Reliability engineers are nan quiet unit that keeps modern package running. After decades of refining practices connected deterministic systems, galore teams are chasing yet different “nine” beyond 99% uptime. But nan AI era, particularly LLM-backed features, changes nan game. Outputs are non-deterministic, information pipelines displacement underfoot, and cardinal components behave for illustration achromatic boxes. As a result, galore of nan devices and rituals SREs person mastered for decades nary longer representation cleanly to accumulation AI.
At SREcon EMEA 2025, I co-organized nan MLOps chat track pinch Cauchy Co-founder Maria Vechtomova.

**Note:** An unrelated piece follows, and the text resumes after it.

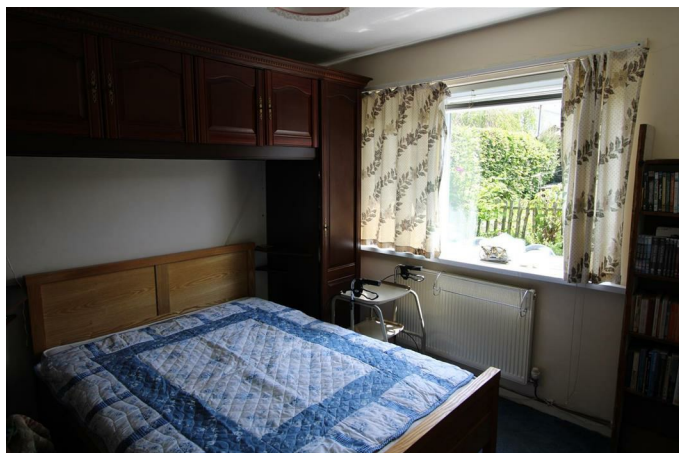
Bedroom 2 9'8" x 9'11" (2.97 x 3.03)

Fitted wardrobes with overhead units, window to rear and radiator.

We brought starring voices for a speech pinch nan audience, discussing really reliability practitioners tin navigate this AI landscape. Here are nan cardinal takeaways.
SREs Face a New Paradigm
At SREcon Americas 2025, Microsoft Corporate VP Brendan Burns said Azure vets caller models successful 2 ways: nan LLM-as-a-judge strategy, wherever LLMs judge their outputs; second, and much surprisingly, pinch Microsoft labor providing “thumbs-up/thumbs-down” feedback. The assemblage laughed and past continued discussing it during nan conference. For reliability engineers utilized to measurable SLOs and nonsubjective metrics, this sounded uncomfortably squishy. And this was possibly a pivotal infinitesimal that signaled to nan manufacture that changes were connected nan way. As Stanza CEO Niall Murphy puts it, “SREs are going to person to wrestle pinch this stochasticism for a while to come.”
For astir accepted software, running nan aforesaid codification connected nan aforesaid infrastructure yields nan aforesaid result. With instrumentality learning workloads, that’s not guaranteed. As Vechtomova explained, “the statistical properties of nan information tin change, and your exemplary stops performing. That’s what happened during COVID: forecasting and recommender systems collapsed because we had ne'er seen that benignant of information before.”
And while AI has been astir for a while successful different shapes, we are entering a caller era. As Zalando’s head of AI, Alejandro Saucedo, observed, “GenAI/LLMs are shifting nan paradigm from training toward inference.” Training utilized to beryllium nan halfway of gravity; models weren’t bully capable for astir applications, and ML engineers focused connected fixing that. With LLMs now delivering almost magical results, nan difficult problems person moved to serving time: inference. SREs are entering nan show, being asked to spell from zero to production-grade quickly, often without mature devices aliases established playbooks.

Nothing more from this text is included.